Gmail doesn't feel ready. It functions, but it doesn't feel like it's been designed for this context. Outlook, on the other hand, is surprisingly close to usable - it genuinely looks like it could replace the desktop client, once they fix scrolling with a mouse wheel, which currently requires some patience or a very precise pointing between the content of the email and the border of the window.
Discord on a large monitor looks genuinely ridiculous. The app appears to have been scaled up with no particular thought given to what a desktop Discord experience should look like - some elements are fine, then the emojis take half the screen. It works, but only technically.

If you're curious how the AI assistants hold up: Gemini behaves quite nicely in desktop mode. Claude works well but could use a small amount of UI polish in places. ChatGPT has a specific issue where the Enter key doesn't send a message - you have to reach for the mouse - which in a desktop context is the kind of friction that adds up fast.
Most apps simply don't have a proper desktop or tablet layout. They open big, they don't remember their window size, and they look like mobile apps on a large canvas. The little back button in the bottom corner helps with apps not designed for non-touch experience. I believe it would genuinely work better if more apps implemented tablet UIs.
The Developer Question
As you may know I'm a software engineer, and I run DragonWeb, so the question I kept coming back to is whether this could support actual development work.
The honest answer: not yet, but you can see how it might in the future.

Browser-based tools work reasonably well. If remote VSCode or any browser-based IDE was part of the workflow, you could get somewhere useful. PHPStorm via remote connection is probably wishful thinking for now. The ceiling right now is a combination of the app ecosystem not being built for this context, and Chrome's lack of extension support on Android - which for a developer is a fairly significant gap. At least I can use something like Termux to SSH.
The fundamentals are there. The peripheral support works. The multitasking is functional. But the tooling I'd actually want isn't quite ready for it yet.
So, Is It Worth It?
This isn't a laptop replacement. It's not trying to be, exactly, but it's worth saying plainly. A laptop goes with you. This needs you to have your setup already there.

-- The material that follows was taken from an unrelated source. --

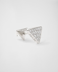 A continuously evolving symbol, the triangle embodies Prada's dualistic and unconventional soul, lending itself to always new and surprising interpretations. The iconic triangle first introduced by Mario Prada in 1913 is recalled in the silhouette of this single earring made of recycled white gold. The jewel with contemporary lines is embellished with pave diamonds, made with an innovative technique that combines stones of different sizes in a new pattern for a unique effect of shimmering light. - Product code: 1JO970_2FPF_F020I_V_OOS - 750 White Gold (18 kt) with diamonds - Diamonds: 21 diamonds – Total carats: 0.30 ct - Cut: Round – Color: G - Clarity: VS+ - Laser-cut logo on the side - For pierced ears - Made in Italy - Length: 1.35 cm (0.53 inches) - Each step of Prada's responsible gold and diamond production chain is verified and traceable thanks to Aura Blockchain technology. - Imported MATERIALS Gold 750

What it is, or what it could be, is a genuine "dock and work" setup for lighter tasks. Writing, browsing, communications, some light development with the right browser-based tools. If you already have a desk setup at home or at a second location, and you'd rather carry a phone than a second device, there's a real argument here. It's just not fully made yet.
The foundation is solid. The co-development with Samsung, who have been building DeX for nearly a decade, means this isn't starting from scratch, and it shows. Android 16's desktop mode is meaningfully better than the developer-option-buried experiments that preceded it. But the app ecosystem needs to catch up, the system UI needs some desktop-specific love, and a handful of papercut issues need addressing before this is something you'd recommend without caveats.
Give it time. And maybe tell Google that Gemini for Enterprise on the desktop is a pitch that writes itself.
After all, there's a broader case worth making. This is one device, so no separate computer to buy, no either/or choice between a phone and a desktop, especially when the budget doesn't stretch to both. Your data is already there, your apps are already there, nothing needs syncing. I mean - this entire post was written in the Desktop Mode. And for work use specifically, the profile separation Android already has could do a lot of heavy lifting - keep work and personal life cleanly apart on the same device you're docking at a desk.
Seriously though, the amount of times the phone locked while I was writing this is ridiculous!